**About this exercise:**
Return the material below exactly, but only from the line with "Drehkugelschreiber mit transparent" through the line with "14kt Yellow Gold", and without its pictures.

**Available data:**
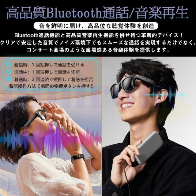 オープンイヤースピーカーシステムを備えたBluetoothグラスは、イヤホンの害から耳を保護するので健康的で、お気に入りの音楽を聴きながら周囲に注意を払うことができ、HDマイクは通話中の高品質サウンドを提供します。
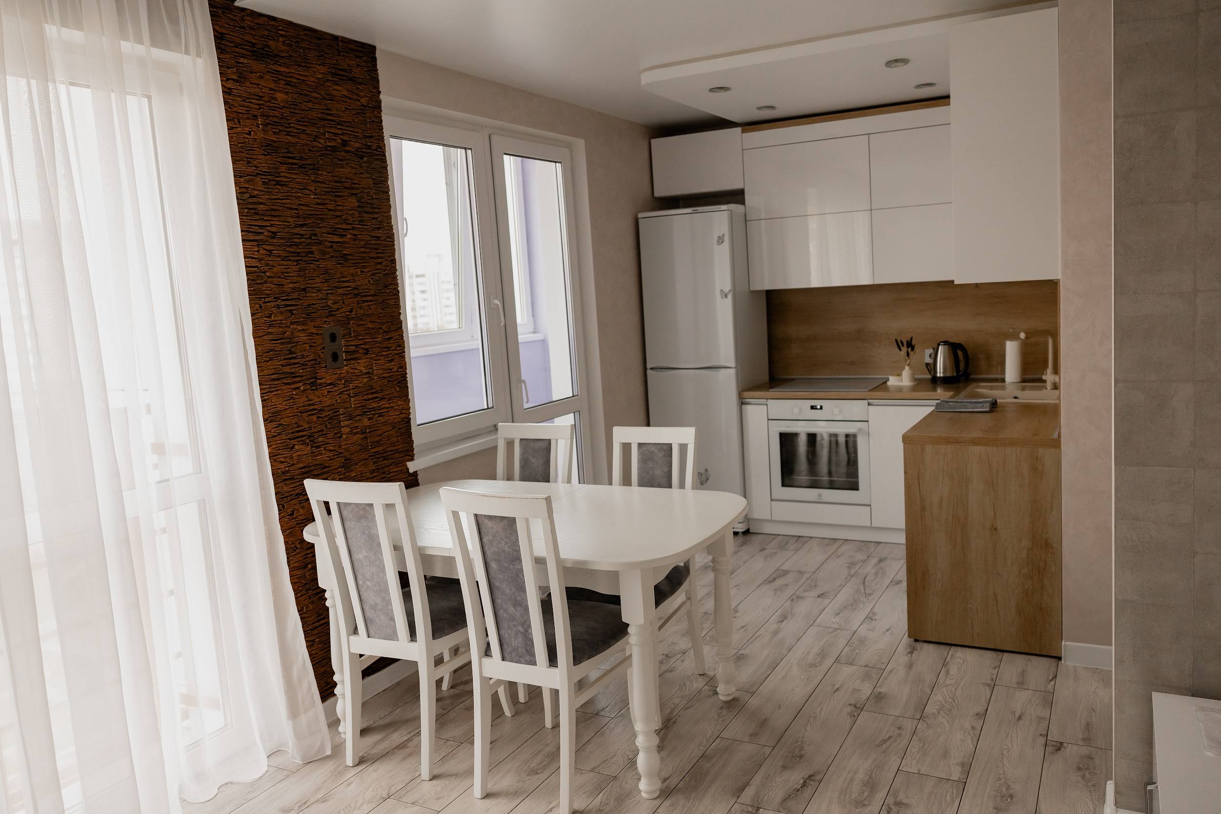 Всегда к вашим услугам бесплатный Wi-Fi, Смарт ТВ, чай, кофе, сахар и соль, полный комплект посуды для приготовления и сервировки. Для комфорта наших гостей мы предоставляем свежее постельное белье, полоценца согласно количеству гостей, одноразовые средства личной гигиены и тапочки.
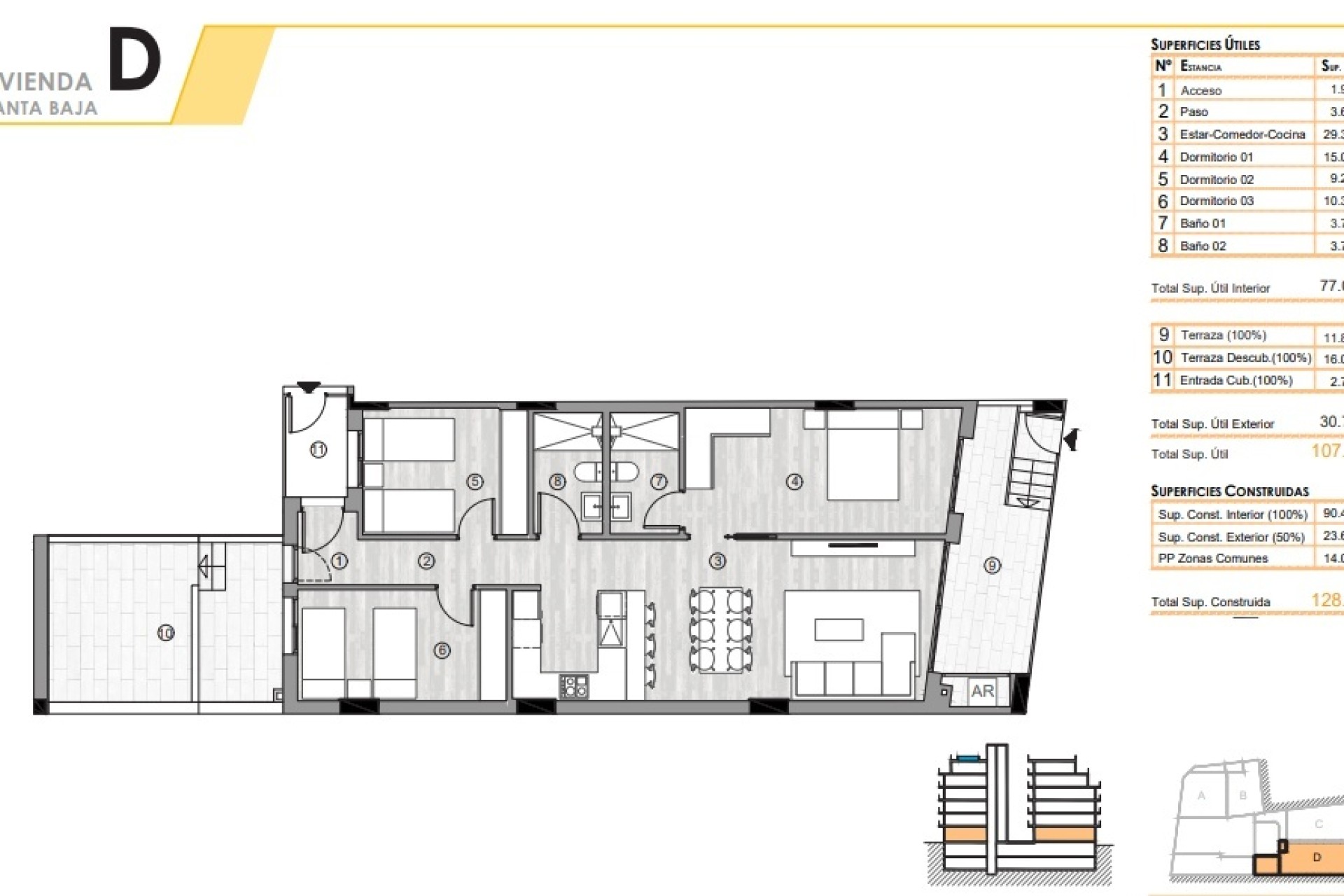 À l'intérieur, les penthouses se distinguent par leur design moderne et fonctionnel. Les sols en grès cérame apportent une touche d'élégance et sont faciles à entretenir. La distribution comprend des options de 2 ou 3 chambres, s'adaptant à différents besoins familiaux, et 2 salles de bains qui garantissent le confort de tous les résidents. Les placards intégrés offrent un espace de rangement efficace, tandis que l'inclusion d'appareils électroménagers dans la cuisine facilite la vie quotidienne. La possibilité d'un garage optionnel ajoute un élément de personnalisation selon les préférences de chaque acheteur.
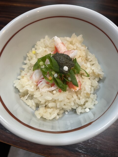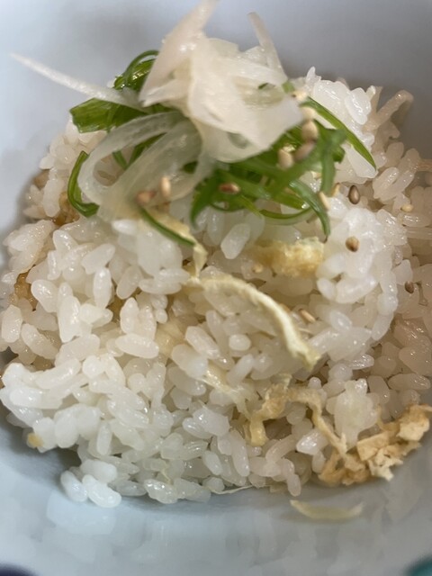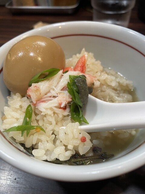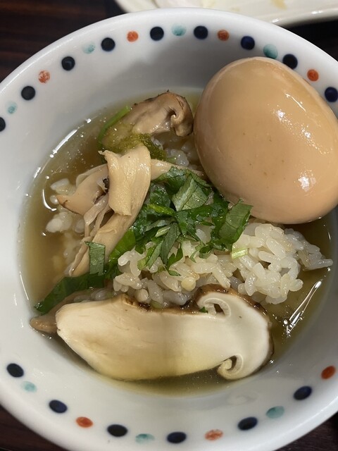 〆は生姜雑炊、残ったスープを新生姜炊き込みご飯に入れて、真薯に味玉を加えて、パーフェクト完飲完食
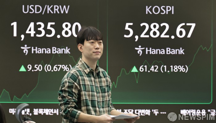 [서울=뉴스핌] 양윤모 기자 = 30일 오전 코스피가 전장 종가보다 61.42 포인트(1.18%) 상승하며 5282.67로, 코스닥은 6.07 포인트(0.52%) 하락한 1158.34로 장을 시작한 가운데, 서울 중구 하나은행본점 딜링룸에서 직원들이 업무를 보고 있다. 서울외환시장에서 달러/원 환율은 전장 대비 9.50원 상승한 1435.80원에 주간거래를 시작했다. 2026.01.30 yym58@newspim.com
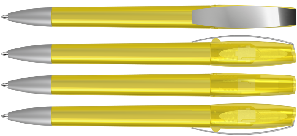 Drehkugelschreiber mit transparent glänzendem Gehäuse. Metallclip und schwere Metallspitze matt verchromt.
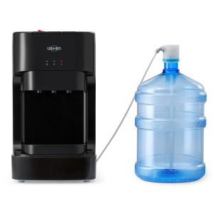 Бутыль с водой подключается к кулеру через гибкую трубку и может быть установлена в удобном месте, на расстоянии до 3 метров от кулера. Подача воды из бутыли осуществляется при помощи встроенного в кулер насоса (как у напольного кулера с нижней загрузкой бутыли) и её не нужно поднимать на кулер. При этом, бутыль может быть спрятана в шкафу, в кухонном столе, или под столом и не находиться на виду, внося диссонанс в интерьер.
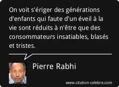 On voit s'ériger des générations d'enfants qui faute d'un éveil à la vie sont réduits à n'être que des consommateurs insatiables, blasés et tristes.
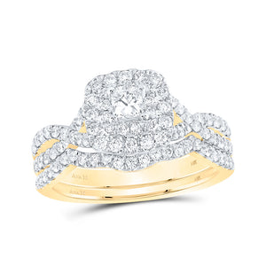 14kt Yellow Gold Princess Diamond Halo Bridal Wedding Ring Band Set 1 Cttw
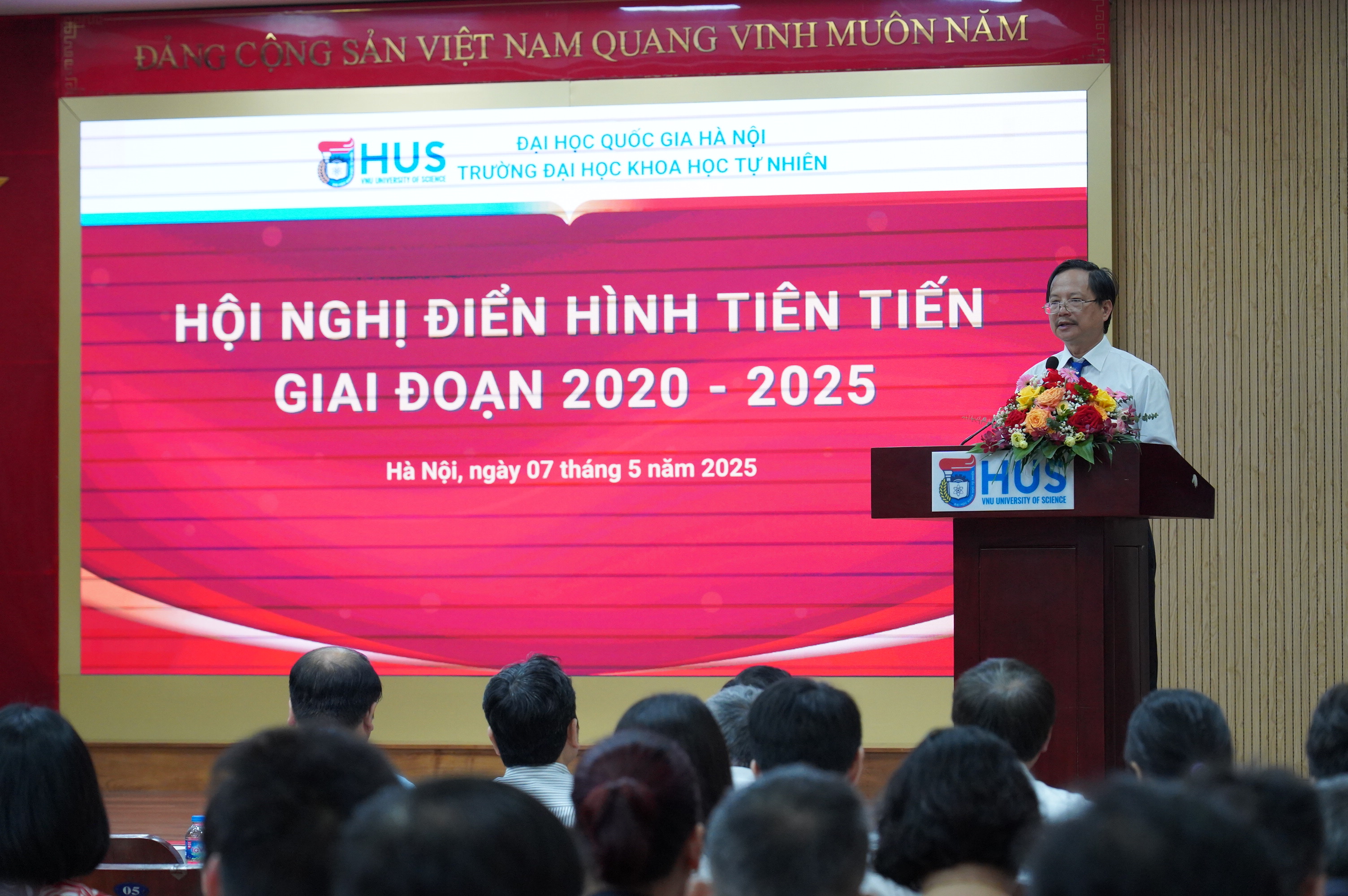 Hướng tới Đại hội Thi đua yêu nước ngành Giáo dục lần thứ VIII – năm 2025, chào mừng Đại hội Đảng bộ các cấp tiến tới Đại hội Đại biểu toàn quốc lần thứ XIV của Đảng, ngày 7/5/2025, Trường Đại học Khoa học Tự nhiên đã trang trọng tổ chức Hội nghị điển hình tiên tiến giai đoạn 2020-2025.
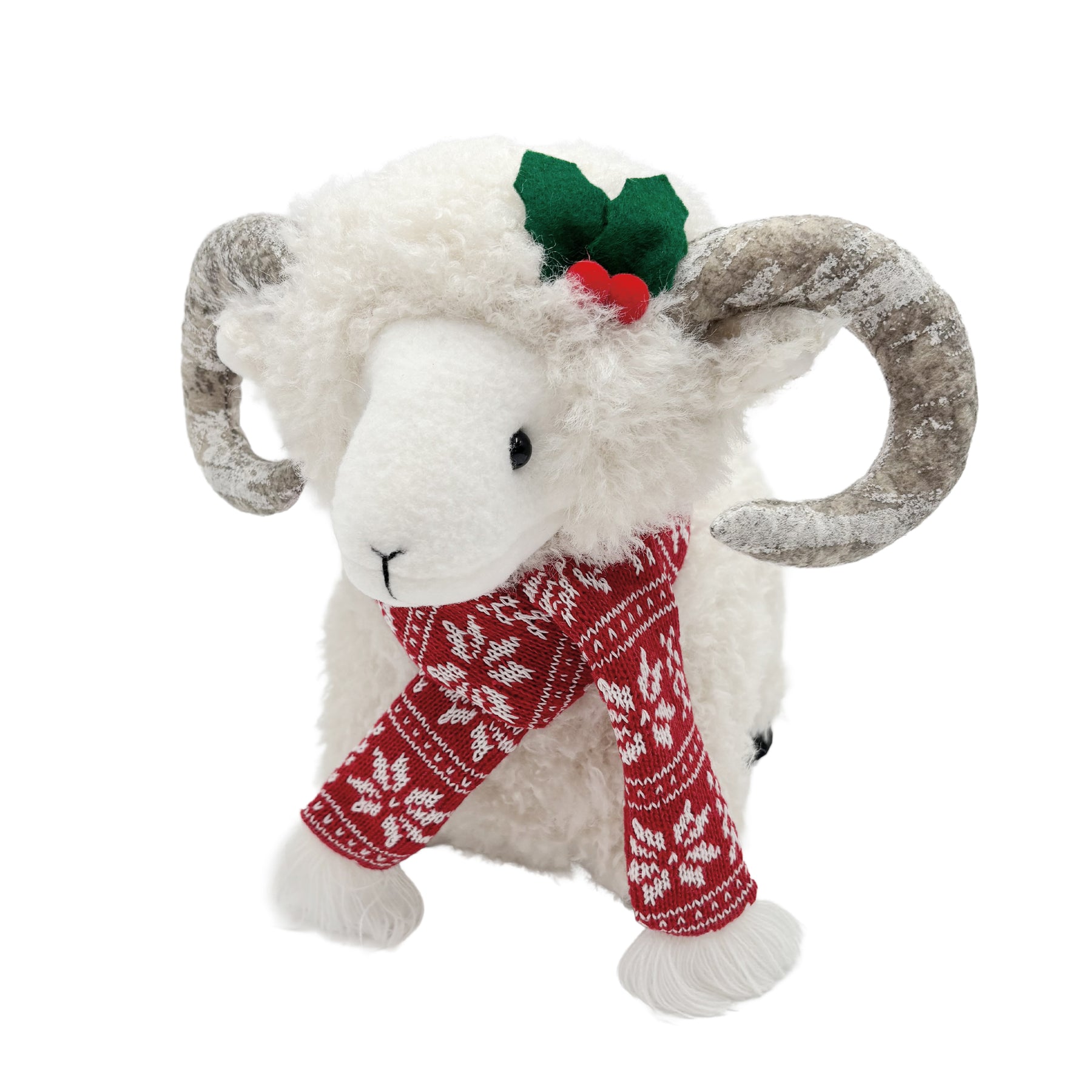 An adorable fabric lamb with a festive scarf and holly leaf accents.
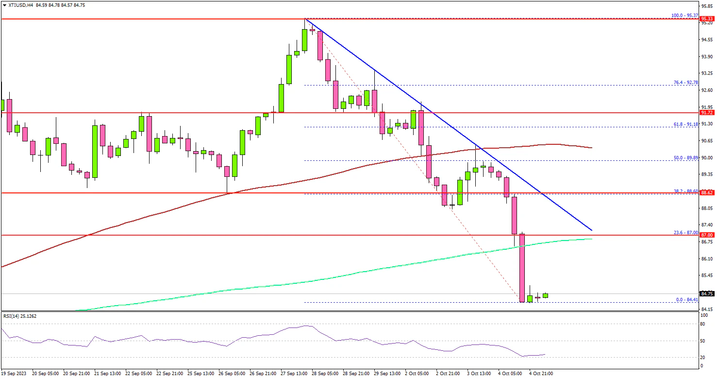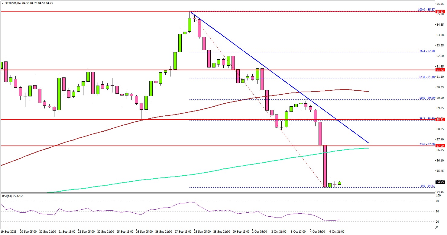 Looking at the 4-hour chart of XTI/USD, the price accelerated lower below the $90 level and the 100 simple moving average (red, 4-hour). It even traded below the 200 simple moving average (green, 4-hour).
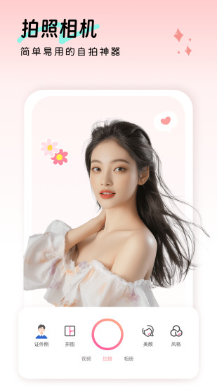 美颜相机,拍人像更出片!年轻人都在用! — 硬控人像摄影潮流 — 【苹果模式】拯救原相机锐化瑕疵,高清真实还原美貌!白天晚上都出片! 【微单模式】手机爆改微单,支持景深虚化,普通人也能拍高质量大片! 【Pocket模式】横屏拍摄更专业,vlog、live拍摄更好看。清透人像效果,随手拍出电影感! 【更多模式】原生模式、CCD模式等,满足不同场景的拍照需求! — AI人像大师更专业 — 【AI换装】一键无痕换装,电子穿搭更有性价比!多款服装以及自定义效果,你的电子衣橱无限大! 【AI人像精修】一键减肥、去双下巴、AI消除、AI一键美颜等,一键出片! 【AI写真】博主同款写真、多人写真、儿童写真、卡通分身等,实现写真自由! — 更懂年轻人的自拍流行 — 【医美级美颜参数】水光肌、除皱、3D隆鼻、去颈纹、下颌线等,0成本get专业医美级美颜! 【新潮流滤镜】AR贴纸、质感妆容、潮流滤镜等,想怎么拍就怎么拍! 【IP跨次元】迪士尼、三丽鸥等海量IP,邀你一起跨次元合拍! — 手机秒变视频Vlog神器 — 【高清专业】4K拍摄、视频精修、提词器等功能,轻松拥有清晰质感画面。 【美颜相机

**Response for this exercise:**
 Drehkugelschreiber mit transparent glänzendem Gehäuse. Metallclip und schwere Metallspitze matt verchromt.
 Бутыль с водой подключается к кулеру через гибкую трубку и может быть установлена в удобном месте, на расстоянии до 3 метров от кулера. Подача воды из бутыли осуществляется при помощи встроенного в кулер насоса (как у напольного кулера с нижней загрузкой бутыли) и её не нужно поднимать на кулер. При этом, бутыль может быть спрятана в шкафу, в кухонном столе, или под столом и не находиться на виду, внося диссонанс в интерьер.
 On voit s'ériger des générations d'enfants qui faute d'un éveil à la vie sont réduits à n'être que des consommateurs insatiables, blasés et tristes.
 14kt Yellow Gold Princess Diamond Halo Bridal Wedding Ring Band Set 1 Cttw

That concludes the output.